## TASK BRIEF
The answer should hold only the lines from the one containing "Мякоть кабачка, очищенного" through the one containing "Оригинальное обручальное кольцо, выполненное" in the entries below, copied exactly, without pictures.

## RECORD EXTRACTS
▶
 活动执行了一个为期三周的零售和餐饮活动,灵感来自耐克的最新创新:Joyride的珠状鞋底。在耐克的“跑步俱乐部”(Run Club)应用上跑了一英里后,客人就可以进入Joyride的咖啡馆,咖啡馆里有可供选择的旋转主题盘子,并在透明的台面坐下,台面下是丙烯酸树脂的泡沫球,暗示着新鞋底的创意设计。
◀
▶
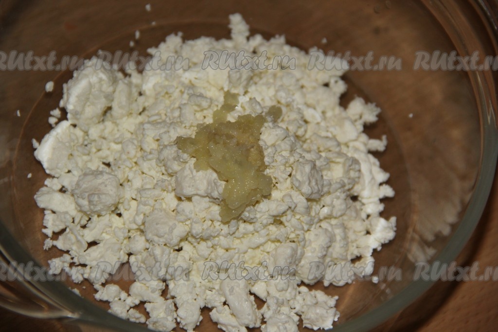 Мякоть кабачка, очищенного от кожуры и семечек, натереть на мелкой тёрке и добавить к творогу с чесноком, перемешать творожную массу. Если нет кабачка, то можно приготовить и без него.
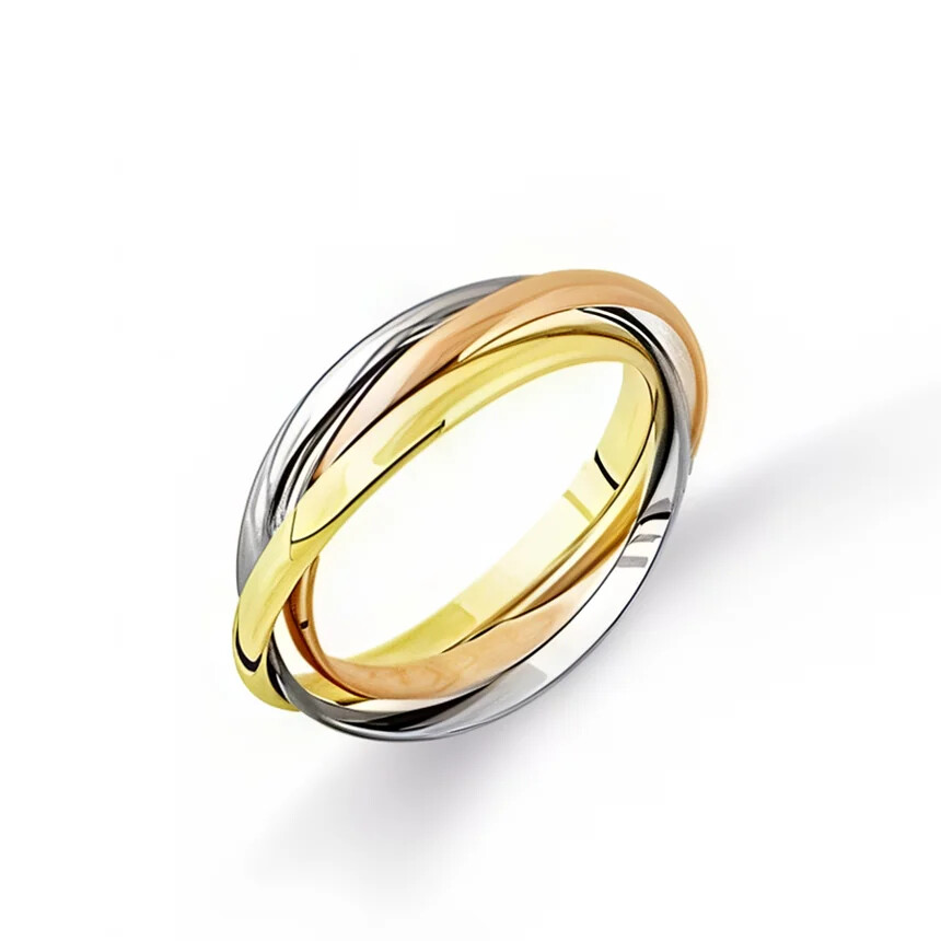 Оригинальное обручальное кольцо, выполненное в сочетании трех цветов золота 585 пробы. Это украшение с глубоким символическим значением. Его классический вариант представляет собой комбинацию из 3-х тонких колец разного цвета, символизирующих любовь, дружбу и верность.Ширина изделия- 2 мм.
◀
## RESULT FOR THIS EXERCISE
 Мякоть кабачка, очищенного от кожуры и семечек, натереть на мелкой тёрке и добавить к творогу с чесноком, перемешать творожную массу. Если нет кабачка, то можно приготовить и без него.
 Оригинальное обручальное кольцо, выполненное в сочетании трех цветов золота 585 пробы. Это украшение с глубоким символическим значением. Его классический вариант представляет собой комбинацию из 3-х тонких колец разного цвета, символизирующих любовь, дружбу и верность.Ширина изделия- 2 мм.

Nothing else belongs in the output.